### TRY IT
Your task is to print all of the data below exactly, with no pictures included.
** Opening DATA block **
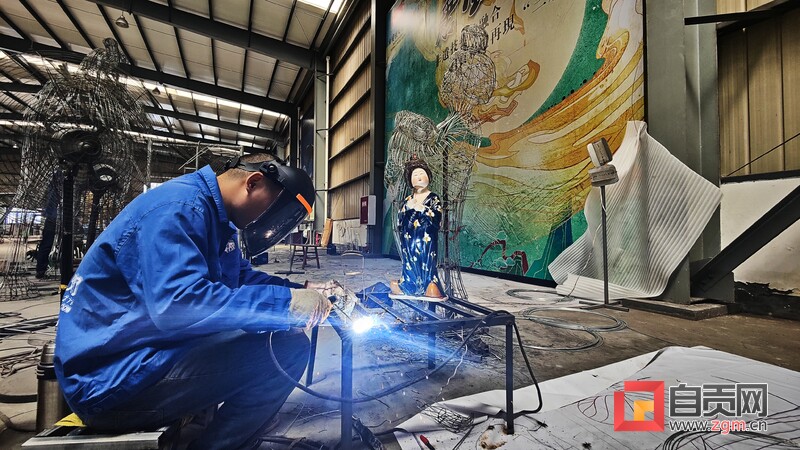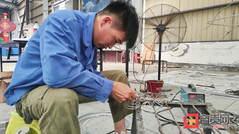 8月10日下午,記者走進自貢燈貿集團股份有限公司生產車間,專訪燈貿集團“唐風華韻”展品項目。4名彩燈造型師就像魔術師一般,讓手中冰冷鋼絲,變成了栩栩如生的造型。“從7月中旬以來,我們就開始進場施工,工作時并不覺得熱,常常引來一旁同事的關心?!痹?0多度的高溫下,38歲的彩燈造型師楊勝平因為太投入創(chuàng)作,衣服濕了又穿干,還全然不知。
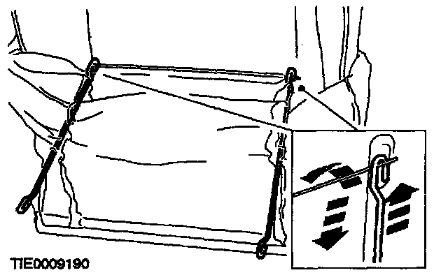 6. Install the tensioning rods into the backrest cover if a new backrest cover is to be installed.
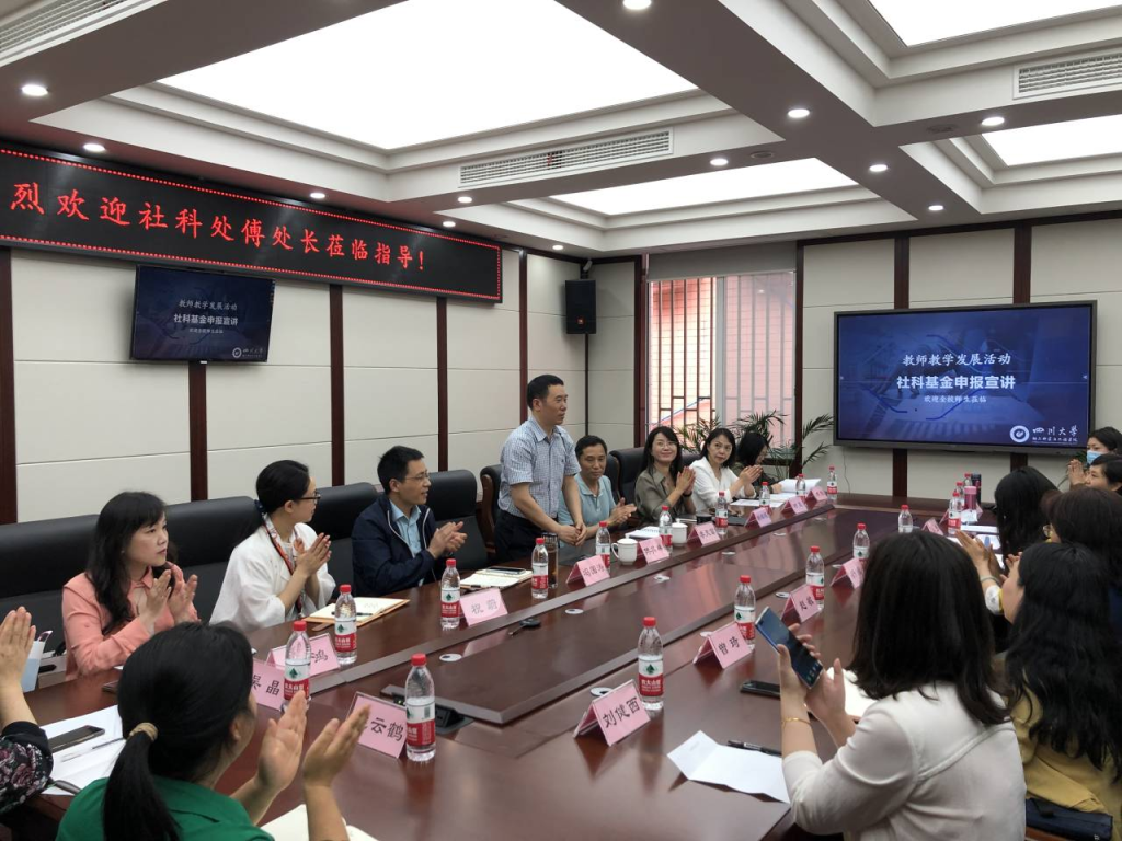 2022年5月27日下午,为促进教师科研能力提升,指导老师积极申报各类社科项目,bw必威西汉姆联官网联合四川大学社会科学研究处在四川大学望江校区纺工附楼205会议室开展了主题为“社科基金申报宣讲”的教师科研能力提升活动。本次活动特别邀请了四川大学社会科学研究处傅其林处长、学院党政领导、服装与服饰设计系及学院学工组三十余位老师参加了本次活动。
** Closing DATA block **
### WRITTEN REPLY
 8月10日下午,記者走進自貢燈貿集團股份有限公司生產車間,專訪燈貿集團“唐風華韻”展品項目。4名彩燈造型師就像魔術師一般,讓手中冰冷鋼絲,變成了栩栩如生的造型。“從7月中旬以來,我們就開始進場施工,工作時并不覺得熱,常常引來一旁同事的關心?!痹?0多度的高溫下,38歲的彩燈造型師楊勝平因為太投入創(chuàng)作,衣服濕了又穿干,還全然不知。
 6. Install the tensioning rods into the backrest cover if a new backrest cover is to be installed.
 2022年5月27日下午,为促进教师科研能力提升,指导老师积极申报各类社科项目,bw必威西汉姆联官网联合四川大学社会科学研究处在四川大学望江校区纺工附楼205会议室开展了主题为“社科基金申报宣讲”的教师科研能力提升活动。本次活动特别邀请了四川大学社会科学研究处傅其林处长、学院党政领导、服装与服饰设计系及学院学工组三十余位老师参加了本次活动。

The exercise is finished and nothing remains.